Preserving the Harvest

Mary Meyers and Bob Burns skate near Garland, Wyo., on the Shoshone Project, 1935. From the Bath Collection collection at the Homesteader Museum.
Mary Meyers and Bob Burns skate near Garland, Wyo., on the Shoshone Project, 1935. From the Bath Collection collection at the Homesteader Museum.

Too often at WyoHistory.org when we publish articles about big events—elections won or lost, towns founded or abandoned, dams built, booms, busts and blizzards survived—we give time and space to the big picture but too seldom get down to actual stories of people’s lives.

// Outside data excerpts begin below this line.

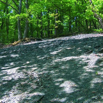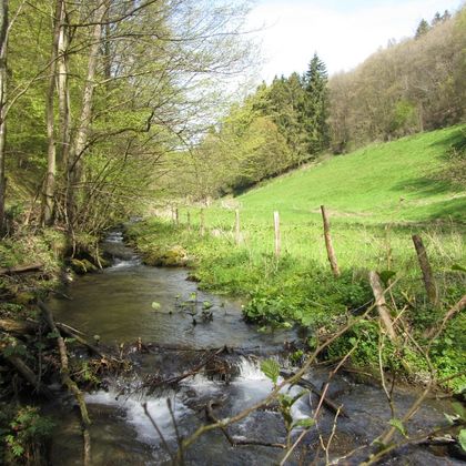 Wenn Sie am Kirchplatz in Simmerath starten, treffen Sie bald auf das Naturschutzgebiet Tiefenbachtal. Sobald man die ersten Bäume eines Wäldchens hinter sich gelassen hat, ist die Mariagrube in Sichtweite. Dieser ehemalige Schieferbruch aus dem 19. und 20. Jahrhundert ist eines der frühesten „Wirtschaftsunternehmen“ Simmeraths. Von 1847 bis etwa 1924 wurde hier unterirdisch Schiefer abgebaut. Eine Abraumhalde erinnert noch an die jahrzehntelange Schieferförderung.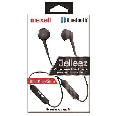 Maxell Jellez Wireless Earbuds with Mic. Soft rubberized on ear design for extended wear comfort fit Noise isolating earbuds with built in microphone. Bluetooth. Micro-USB charging cable. 8 hours playtime. Black.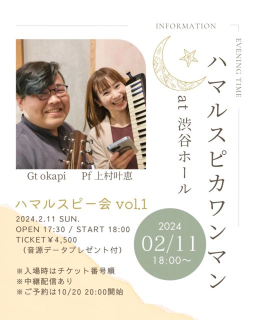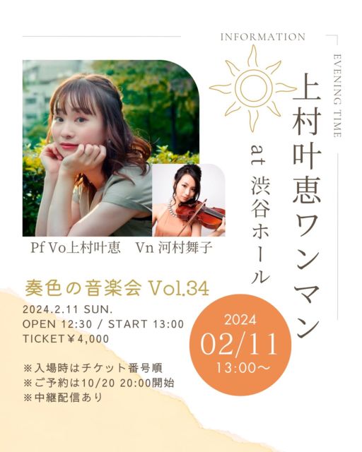 2024/02/11 (日)渋谷ホール 昼公演 「上村叶恵ワンマンライブ〜奏色の音楽会 vol.34〜」 open 12:30 start 13:00 出演: 上村叶恵 / Vn 河村舞子 入場料: ¥4,000(ドリンク持ち込み可) 夜公演 「ハマルスピカワンマンライブ〜ハマルスピー会 vol.1〜」 open 17:30 / start 18:00 出演: ハマルスピカ(Gt okapi, Pf 上村叶恵) 入場料: ¥4,500(音源データプレゼント付(ドリンク持ち込み可) 渋谷ホール:https://www.shibuyahall.com/ 東京都渋谷区桜丘町15-17 NK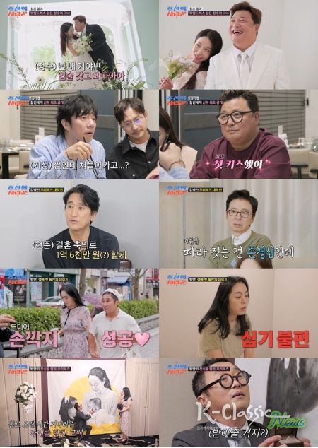 K-Classic News 기자 | TV CHOSUN 극사실주의 다큐 예능 ‘조선의 사랑꾼’에서 '원진서' 윤정수가 ‘찐친즈’ 배기성X임형준과 청첩장 모임을 가졌다. 또, 김병만이 결혼 전 63빌딩에서 아내에게 감동의 프러포즈를 하는 장면이 포착됐다.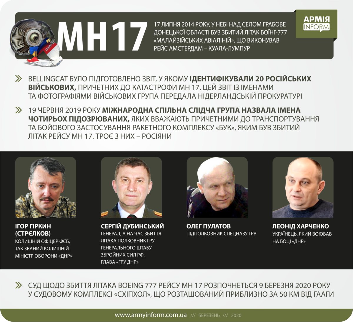 Судовий процес у цій справі розпочався в понеділок, 9 березня, в Окружному суді Гааги в юридичному комплексі, розташованому неподалік аеропорту «Схіпхол». А в декількох сотнях метрів гул літаків на злітно-посадковій смузі нагадував про те, що саме звідси 17 липня 2014-го розпочався рейс «Малайзійських авіаліній», який підступно збили над східною частиною України, що контролюють окупаційні сили РФ. Всі 298 осіб на борту, дві третини яких – громадяни Нідерландів, – загинули.

Take, for example, UW Emeritus Professor of History Phil Roberts’s recent piece on publicly financed irrigation in Wyoming, titled Watering a Dry Land: Wyoming and Federal Irrigation. It’s a good overview of why the federal government got involved in irrigation: the projects took so much capital that early backers like Buffalo Bill Cody and his friends went broke.

Congress eventually established the U.S. Reclamation Bureau in 1902 and the government began financing the projects. The town of Powell, Wyo., was founded in 1909 on the Shoshone Project, Wyoming’s largest, in the northern Bighorn Basin. Farming families took up the homesteads, grew beans, barley, corn and alfalfa, cleaned their ditches and made lives. Many of those families are there still—and Powell is still very much a farming town in sharp contrast to the tourist town of Cody, 25 miles away.

When you’re next up in that part of the state, set aside an hour or two for the Homesteader Museum in Powell, for an intimate feel of how those families lived over the last 111 years. It’s one of Wyoming’s small-museum gems.

And while you’re here, reading this, check out the 15-minute video “Canning, a Labor of Love,” produced by the museum, in which Dorothy Fross, Joyce Lynn and Ruby Hopkin reminisce about many decades of feeding big families. “Farm to table,” we like to say, but we too often forget the people sitting around those tables, and how their nourishment arrived.